Gold prices moved higher during Monday’s session but struggled to sustain momentum after rebounding sharply from the Asian session low. The precious metal drew initial support from renewed hopes of progress in US-Iran relations after reports indicated Tehran had submitted a new proposal regarding the reopening of the Strait of Hormuz, while broader nuclear negotiations were postponed to a later stage. The development placed some pressure on the US Dollar, offering support to bullion prices.

At the same time, softer crude oil prices helped ease inflation concerns and reduced expectations for a more aggressive Federal Reserve policy stance.  However, upside momentum remained constrained as investors stayed cautious ahead of the Federal Open Market Committee’s two-day policy meeting beginning Tuesday. Markets are expected to closely monitor the Fed’s guidance for fresh signals on the future rate path amid persistent inflation and resilient US economic data.

Geopolitical risks also remained elevated. Shipping traffic through the Strait of Hormuz reportedly continued to face disruptions due to Iranian restrictions and US naval activity, while Israeli Prime Minister Benjamin Netanyahu said military operations against Hezbollah targets in Lebanon would intensify.

Overall, continued geopolitical uncertainty, softer dollar sentiment, and stronger physical demand may help limit downside pressure on gold, with any intraday pullbacks likely to attract buyers.

Gold

WTI Oil

Oil prices climbed more than 1% early on Monday as stalled peace negotiations between the United States and Iran, combined with restricted shipping activity through the Strait of Hormuz, heightened concerns over tight global supply conditions.

Prospects for renewed diplomatic progress weakened over the weekend after US President Donald Trump canceled a planned visit to Islamabad by envoys Steve Witkoff and Jared Kushner. The trip had been viewed as part of broader mediation efforts, even as Iranian Foreign Minister Abbas Araqchi arrived in Pakistan.

Market sentiment was further impacted by Trump’s recent comments on Truth Social, where he called for military action against any Iranian vessels laying mines in the Strait of Hormuz and claimed the US had full control over the strategic waterway.

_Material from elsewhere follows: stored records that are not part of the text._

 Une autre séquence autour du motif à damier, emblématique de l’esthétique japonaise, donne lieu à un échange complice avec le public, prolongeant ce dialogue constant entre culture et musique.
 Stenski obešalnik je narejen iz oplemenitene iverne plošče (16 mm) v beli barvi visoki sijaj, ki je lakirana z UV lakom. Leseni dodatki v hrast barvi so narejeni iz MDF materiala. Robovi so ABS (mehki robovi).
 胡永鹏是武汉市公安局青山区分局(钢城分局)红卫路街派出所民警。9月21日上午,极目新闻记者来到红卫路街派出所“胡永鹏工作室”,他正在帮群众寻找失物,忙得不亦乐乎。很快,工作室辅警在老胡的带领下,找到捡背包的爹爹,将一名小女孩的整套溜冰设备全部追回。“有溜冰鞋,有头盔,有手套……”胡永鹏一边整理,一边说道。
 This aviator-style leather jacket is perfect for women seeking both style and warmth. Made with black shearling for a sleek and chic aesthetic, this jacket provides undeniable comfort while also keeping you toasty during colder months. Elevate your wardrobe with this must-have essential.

Meanwhile, Iran has largely restricted access through the strait, while Washington has imposed a blockade on Iranian ports. Shipping activity remained subdued, with Kpler data showing that only one oil products tanker entered the Gulf on Sunday. The Strait of Hormuz is a critical route for global energy markets, handling a significant share of the world’s seaborne crude exports, and any disruption continues to add a substantial geopolitical premium to oil prices.

WTI Oil

US 500

US equities closed mostly higher on Friday, with the US 500 and US Tech 100 finishing at fresh record highs as investors grew increasingly optimistic about the prospects for renewed US-Iran peace negotiations. Strong corporate earnings, particularly from Intel, also lifted sentiment and supported gains in the technology sector.

Market sentiment was helped by easing concerns over energy prices and lower interest rate expectations, which encouraged risk appetite heading into the weekend.

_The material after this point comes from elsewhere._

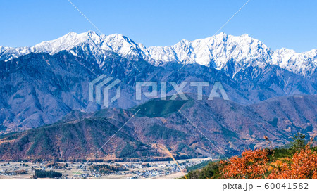 長野縣安曇野市,在晴朗的秋天從長峰山頂眺望北阿爾卑斯山(11月)
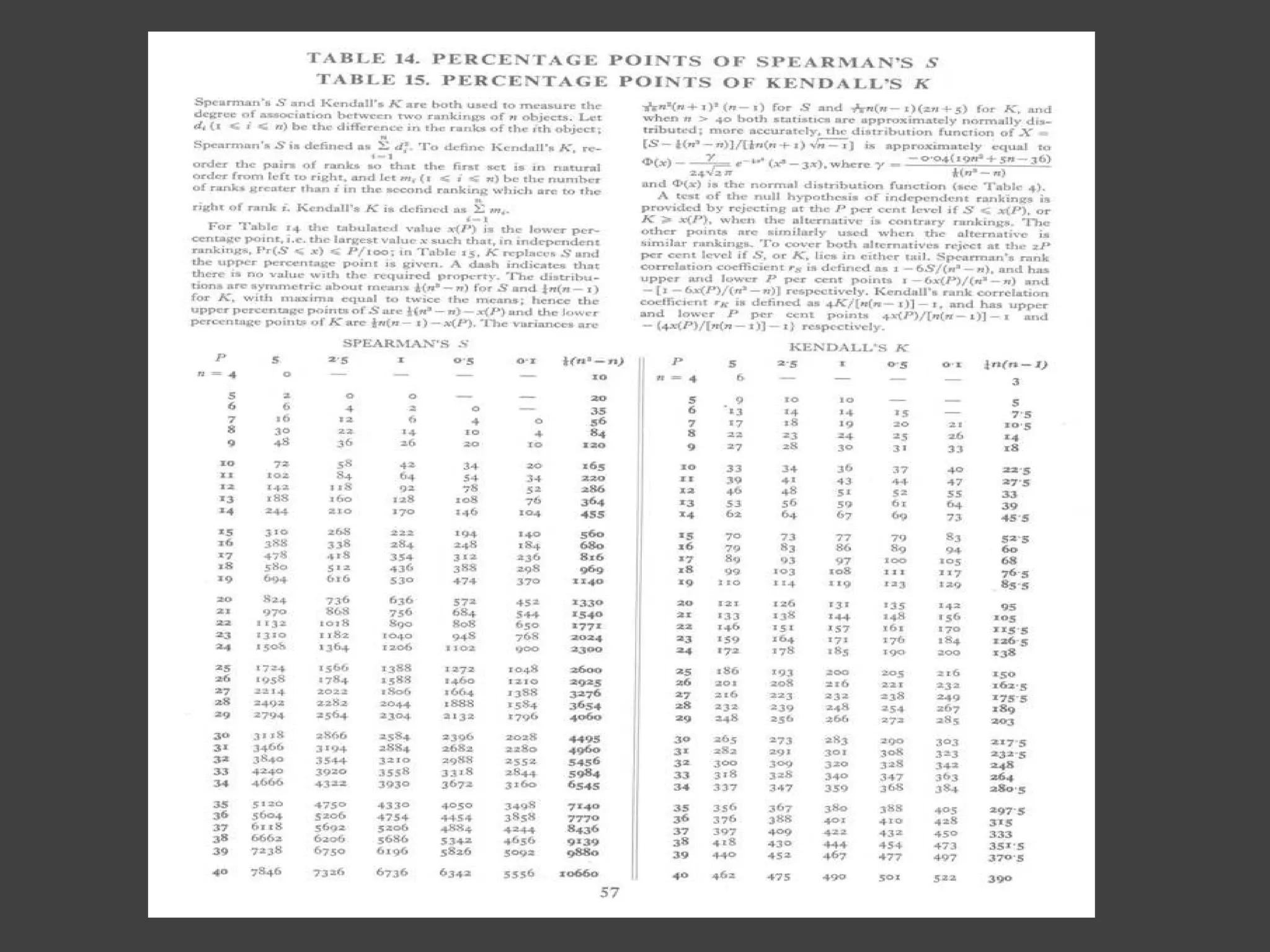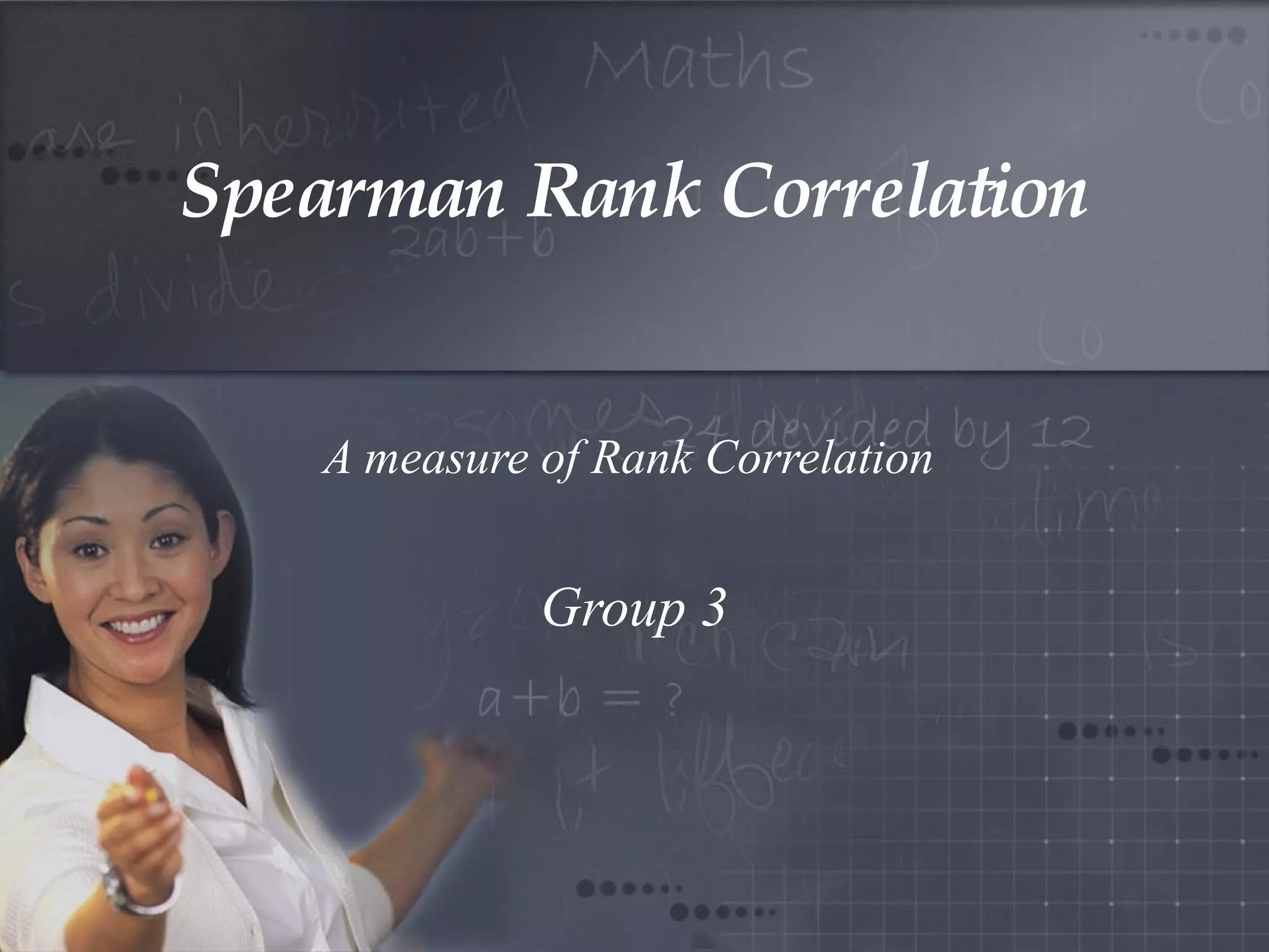 The document discusses Spearman's rank correlation coefficient, a nonparametric measure of statistical dependence between two variables. It assumes values between -1 and 1, with -1 indicating a perfect negative correlation and 1 a perfect positive correlation. The steps involve converting values to ranks, calculating the differences between ranks, and determining if there is a statistically significant correlation based on the test statistic and critical values. An example calculates Spearman's rho using rankings of cricket teams in test and one day international matches.

Investors remained cautious over ongoing tensions in the Middle East, particularly around the Strait of Hormuz, where shipping disruptions and military standoffs have continued despite ceasefire extensions involving the United States, Iran, Israel, and Lebanon.

Technology stocks remained among the standout performers, with semiconductor shares leading the advance. The Philadelphia Semiconductor Index extended its longest daily winning streak in more than three decades, supported by upbeat earnings and continued enthusiasm surrounding artificial intelligence-related spending.

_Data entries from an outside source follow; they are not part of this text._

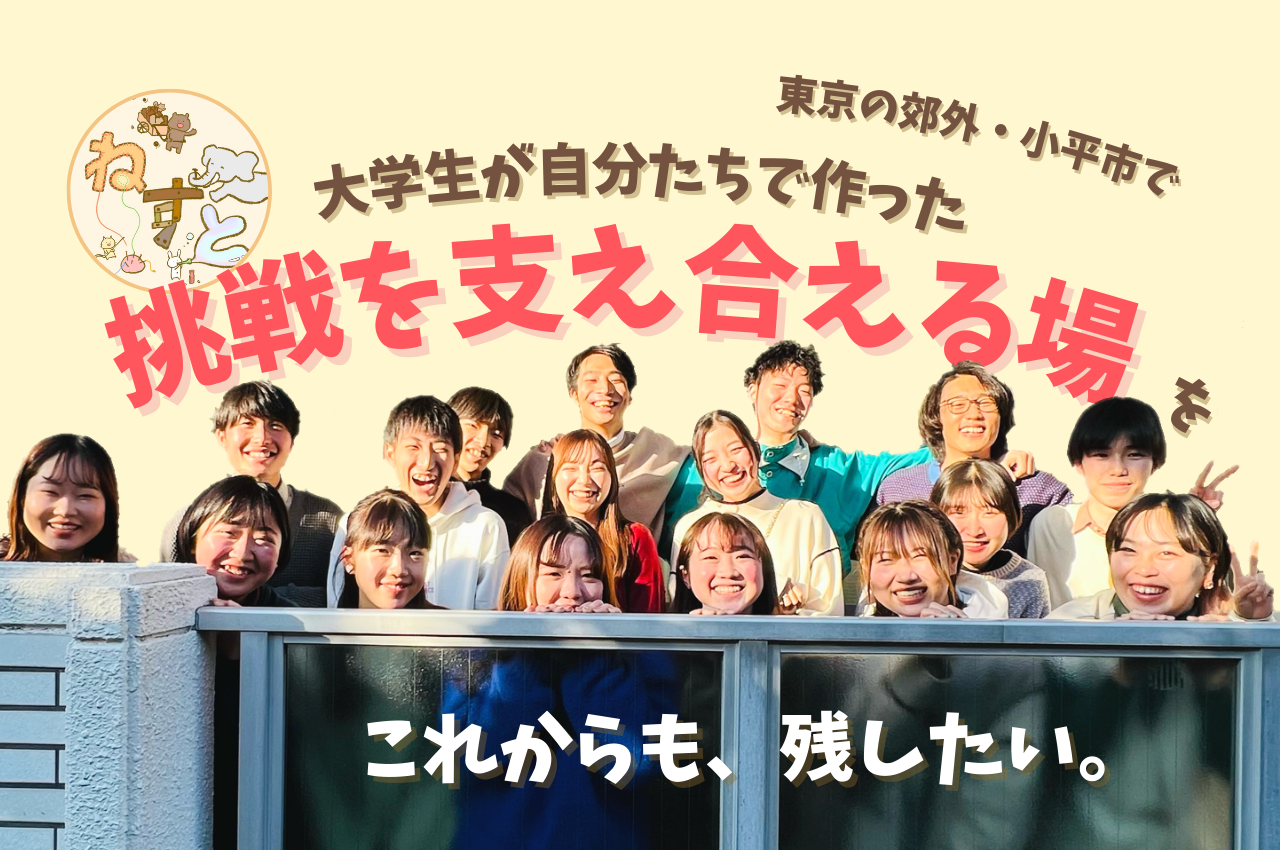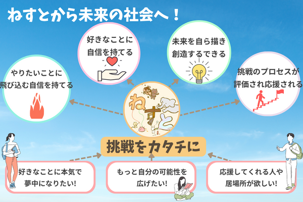 また、ねすとは、学生の挑戦を応援することを通して、誰もが、自分のやりたいことや、好きなことに真剣に取り組み、挑戦することができる社会を目指しています。そして、大学生のエネルギーや行動力から、あらゆる世代の人々とつながり、この挑戦の輪をさらに広げていきたい!と強く思っています。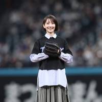 波瑠、始球式に登板「緊張で心臓が…!」きつね姿も披露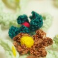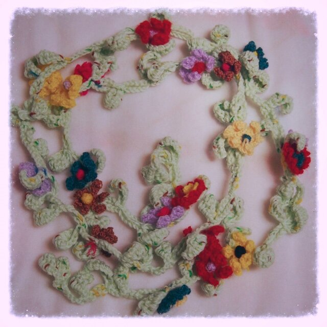 ミントグリーン(ネップ)の毛糸に小花のモチーフを散りばめたラリエットです。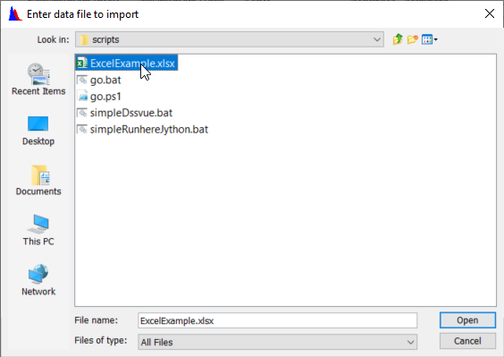 2. If your data is in a ".csv" or blank separated file, select Time Series Data instead of Excel. An example of the browsing window is shown below.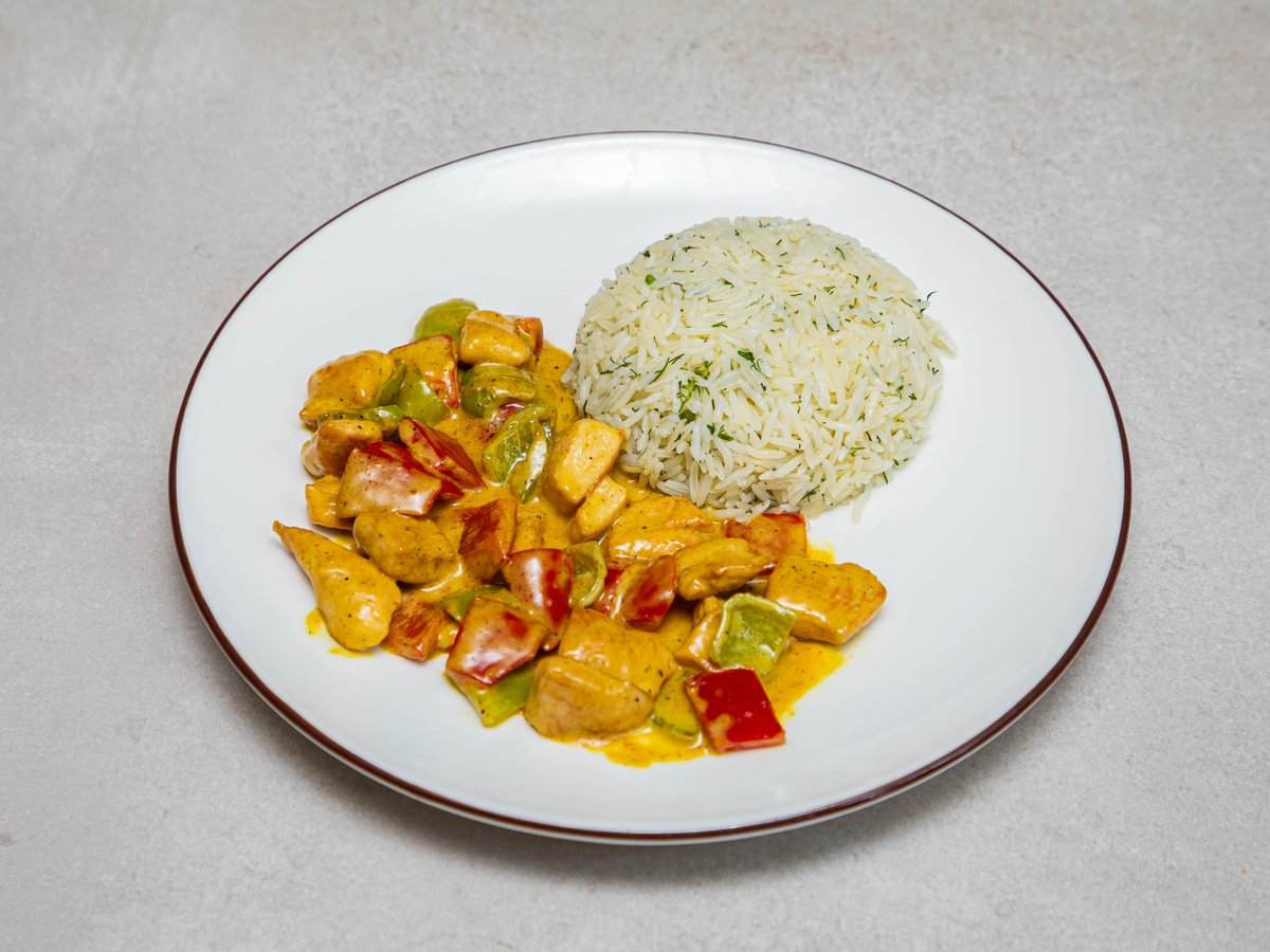 Toyuğun bud dibi, soğan, sarımsaq, qaymaq, köri sousu, düyü.

Recent earnings from major industry players reinforced confidence in robust demand for AI infrastructure, advanced chip manufacturing, and data center expansion.

Intel was among Friday’s biggest gainers after issuing an upbeat revenue outlook tied to rising AI data center demand. The company’s stronger guidance helped boost the broader tech sector and added to momentum in chip-related stocks.

Overall, strong earnings momentum, resilient technology leadership, and hopes for reduced geopolitical tensions helped keep Wall Street near record levels despite lingering global risks.